The Bayesian regression model is given by
$
\beta \ \Big | \ Y, X, \sigma_n \sim N \Big (S \cdot(\Sigma_p^{-1} \mu + X^T \Sigma_N^{-1} Y), \ S \Big)
$
where $S=(X^T \Sigma_n^{-1} X + \Sigma_p^{-1})^{-1}$.
Note that as $\Sigma_p \to \infty$, $\mu = 0$ and $\Sigma_n$ is proportional to the identity matrix (it will drop out through cancellation provided it's a constant), then the Bayesian model approaches the frequentist model where the [[least squares estimator]] is $\hat \beta = (X^T X)^{-1} X^T Y$. This corresponds with a very uninformative prior (high variance and zero mean) under the standard assumptions of linear regression.
Because the LSE is unbiased, under these conditions the Bayesian estimator would also be unbiased.

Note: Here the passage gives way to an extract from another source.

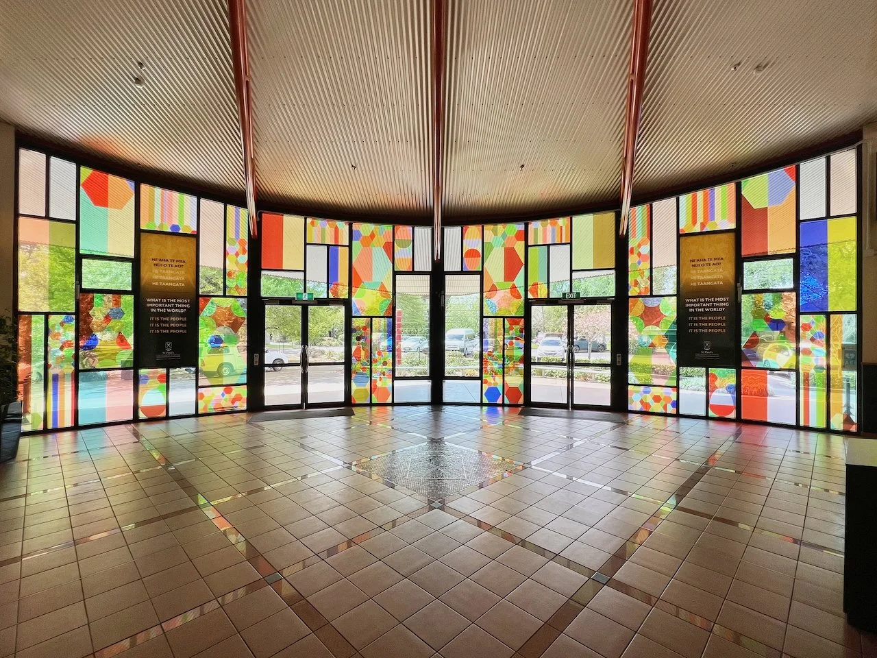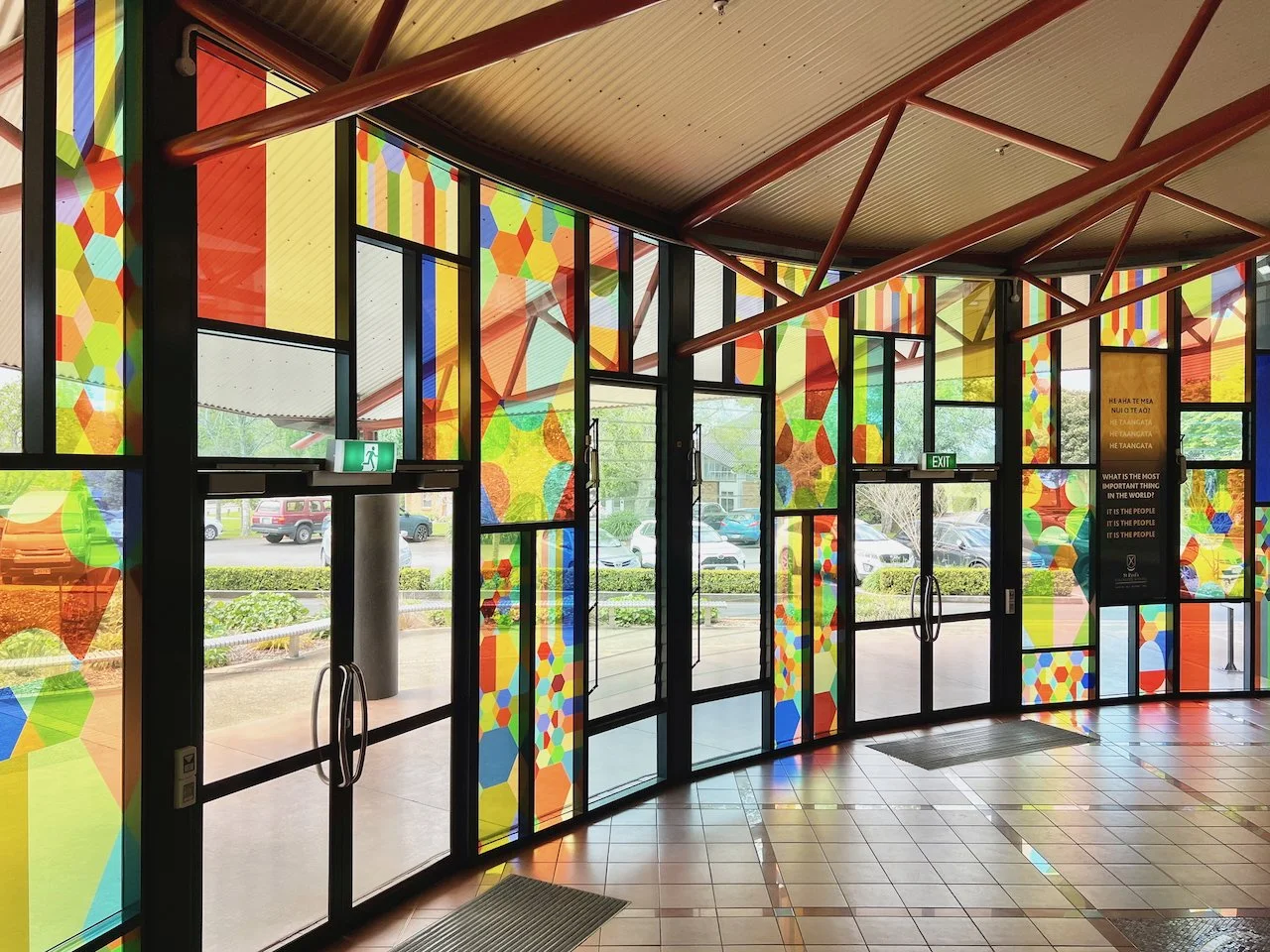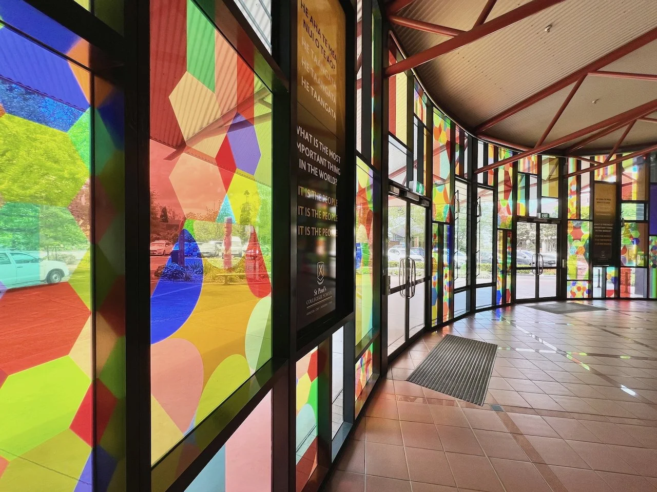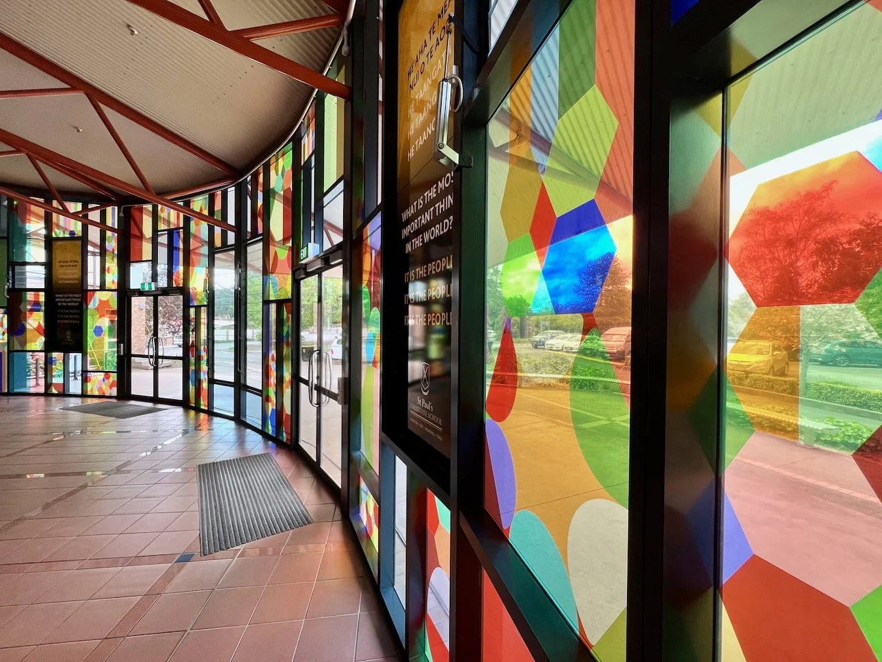 Kinship is a work commissioned by St Paul’s Collegiate School in Kirikiriroa/Hamilton, curated by Head of Art, Jonathan Cameron, and collaboratively developed with the Year 13 cohort (2024). The focus of the work is on welcoming people from all walks of life, sited in the entryway to the student centre, the hub of the school.

However, this is not strictly possible because the variance can never be truly infinite and so the Bayesian estimator will always have some bias. (In the frequentist paradigm, this can be thought of as analogous to [[ridge regression]]).
The [[expectation]] of the Bayesian estimator is
$E(\beta) = \Big [ X^T X + \Sigma_p^{-1} \Big ]^{-1} \Big(X^TX \beta + \Sigma_p^{-1} \mu \Big)$
notice again that if $\Sigma_p^{-1}$ drops out the expectation of $\beta$ is $\beta$, and hence unbiased.
## R
Bayesian regression in [[R]] should follow this procedure.
1. Scale all variables to center on 0 and scale so variance is 1.
2. Generate a random matrix that is symmetric positive definite with all entries close to zero for $\Sigma_p$
3. Assume that $Y | X, \beta \sim N(X \beta, \Sigma_n)$ where $\Sigma_n \propto I_n$ and $\beta \sim N(\beta_{ML}, \Sigma_p)$. Compute the posterior mean and variance-covariance matrix.
```R
# Read data
marketing = read.table(
url(
"https://raw.githubusercontent.com/bzaharatos/-Statistical-Modeling-for-Data-Science-Applications/master/Modern%20Regression%20Analysis%20/Datasets/marketing.txt"
), sep = "")
n = dim(marketing)[1]; p = dim(marketing)[2] - 1
# Scale all variables
marketing_normalized = scale(marketing)
X = as.matrix(marketing_normalized[, 1:3])
y = as.matrix(marketing_normalized[, 4])
# Get frequentist values
MLE = solve(t(X) %*% X) %*% t(X) %*% y
y_pred = X %*% MLE
RSS = sum((y_pred - y)**2)
sig2_hat = RSS / (n - p)
# Generate a random matrix for Sigma_p
A = matrix(runif(p**2, 0, 10), ncol=p)
Sigma_p = t(A) %*% A
# Generate the matrix for Sigma_n
Sigma_n = sig2_hat * diag(1, ncol=n, nrow=n)
# Solve for betas
Sigma_beta = solve(t(X) %*% solve(Sigma_n) %*% X + solve(Sigma_p))
mu_1 = (Sigma_beta) %*% (t(X) %*% solve(Sigma_n) %*% y + solve(Sigma_p) %*% MLE)
```
Note that `solve` solves systems of linear equations in R and in this case gives the inverse of a square matrix.